If BC can find a team for him that would be great. With Bosh gone we have no use for him.


----------



## TDotBaller (Apr 17, 2010)

This pissed me off. Even though many fans could care less if Hedo was here at this point i hate to see it when players request to leave. In my mind there is no worst a signal that could come from a ball club,in the Rapts situation this has become a trend over and over again. When players make it public they want to leave bottomline that means theres trouble or something wrong with the direction the club is going in.

Right now the Raps are in the gutter and its really sad, they dont even know what direction there going in waiting on bosh like a dog.


----------



## R-Star (Jun 13, 2002)

TDotBaller said:


> This pissed me off. Even though many fans could care less if Hedo was here at this point i hate to see it when players request to leave. In my mind there is no worst a signal that could come from a ball club,in the Rapts situation this has become a trend over and over again. When players make it public they want to leave bottomline that means theres trouble or something wrong with the direction the club is going in.
> 
> Right now the Raps are in the gutter and its really sad, they dont even know what direction there going in waiting on bosh like a dog.


Hedo is only asking out because hes been outed as a fraud. He got his stats playing for Orlando, went to a team that asked him to carry a load while not hiding behind Howard, Lewis and others, and he couldn't do it.
It's a weak attempt at saving face on his part.

Most players love it in TO. They just don't love losing.


----------



## lucky777s (Nov 13, 2003)

Other sites picking up the story.

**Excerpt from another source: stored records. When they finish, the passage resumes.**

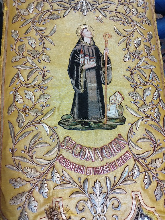 Bannière de procession : saint Convoïon, Immaculée Conception, abbatiale Saint-Sauveur (Redon),
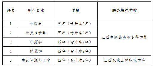 为完善江西省高层次技术技能型人才培养体系,满足人民群众“上好大学”的殷切期盼,增强职业教育服务、支撑地方经济社会发展能力,根据《江西省高等职业院校与本科高校联合培养本科层次技术技能型人才实施方案》等文件精神,开展中药学、中医学、针灸推拿学、护理学、中药资源与开发等专业(专升本)学生联合培养,方案如下:
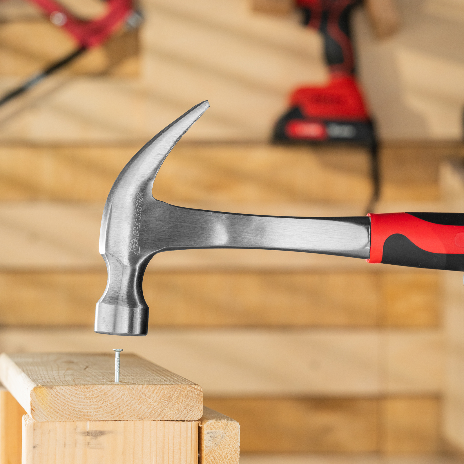 Цельнометаллический молоток-гвоздодер Matrix 10460 с головкой весом 450 г и двухкомпонентной рукояткой — ударный инструмент с функцией извлечения гвоздей. С одной стороны имеется круглый боек для нанесения ударов, а с другой — плоский изогнутый носок с клиновидной прорезью, позволяющей подцепить шляпку гвоздя. Инструмент используется в профессиональной сфере, а также подходит для решения бытовых задач.
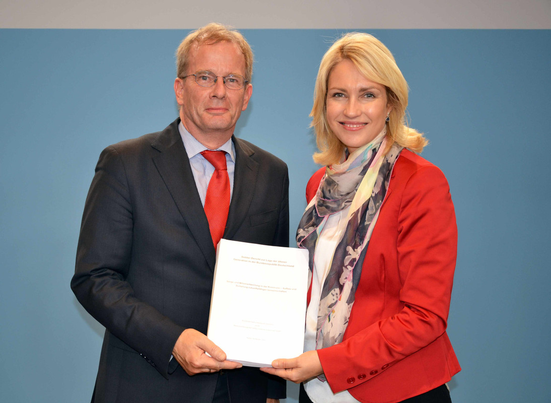 Am 6. Oktober 2015 übergab der Vorsitzende der Siebten Altenberichtskommission, Prof. Dr. Andreas Kruse, den Kommissionsbericht zum Thema "Sorge und Mitverantwortung in der Kommune – Aufbau und Sicherung zukunftsfähiger Gemeinschaften" an die Bundesseniorenministerin Manuela Schwesig.
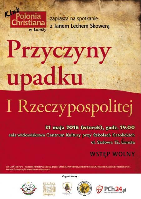 Klub "Polonia Christiana" zaprasza na spotkanie z ks. Janem Lechem Skowerą.
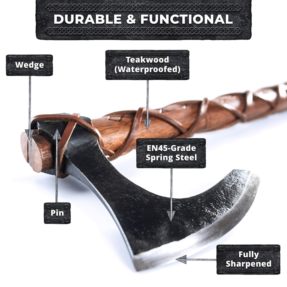 ⚔️ BUILT FOR USE - While we do not endorse this item as a weapon, it is no toy. It is fully functional as a tool or an authentic reenactment piece and features a utility sharp blade edge. The axe handle is made from one piece of quality aged teakwood, one of the most hard and durable timbers available. The handle features features a thick harness leather cross stitch and grip. Also, this axe is NOT a log splitting maul made for chopping heavy logs.
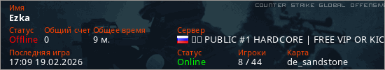 Играет на Counter Strike Global Offensive сервере. Страна: РоссияПервый раз замечен 23:51 18.02.2026

Not sure how much effort they made to confirm it but it seems legit.

TSN quoting this Basketball Jones blog.

http://blogs.thescore.com/tbj/2010/05/28/hedo-turkoglu-i-do-not-want-to-go-back-to-toronto/

Lots of quotes from the interview.

I can't wait for BC's next public interview.


----------



## ballocks (May 15, 2003)

TDotBaller said:


> This pissed me off. Even though many fans could care less if Hedo was here at this point i hate to see it when players request to leave. In my mind there is no worst a signal that could come from a ball club,in the Rapts situation this has become a trend over and over again. When players make it public they want to leave bottomline that means theres trouble or something wrong with the direction the club is going in.


i think this is a great point. this team has recently (past 3 years) gotten in the habit of ignoring bad signs- whether we're talking about blowouts, soft play, bored faces or bad news through the media. when i hear stuff like this, it's not good news. i don't really care too much about turkoglu, i just worry about what it means for the rest of the team. why is he feeling this way? i can guarantee you this: if he was happy about the team, the energy around the team, the promise of the team and the prospects for the future, he wouldn't still be complaining about coming off the bench two months ago. he's just using that as an excuse to get out of town- but why does he want to? after he leaves, that same dynamic will still be around toronto and _that_ worries me. turk may be a prima donna, i don't know- but i don't care. i don't think he's that different from other nba players. i think his position on how the raptors are handling their business is more representative of how his peers feel around the league than you think. that's what concerns me the most.

i can only imagine how the locker room felt at the end of the year. it obviously wasn't good- it was probably horrible. it just bothers me that it wasn't reported earlier. people were just denying it, the way everything's been denied over the past few years. i just hate that culture, and here's another sign that it's as strong as ever. ick. 

peace


----------



## mo76 (Jun 13, 2003)

The only thing the raptors could get in return is elton brand or eddy curry. I don't see why the OP mentioned his layer. The raptors aren't obligated to do anything. Just keep him on the bench and tell him to get in better shape if he wants more minutes.


----------



## R-Star (Jun 13, 2002)

mo76 said:


> The only thing the raptors could get in return is elton brand or eddy curry. I don't see why the OP mentioned his layer. The raptors aren't obligated to do anything. Just keep him on the bench and tell him to get in better shape if he wants more minutes.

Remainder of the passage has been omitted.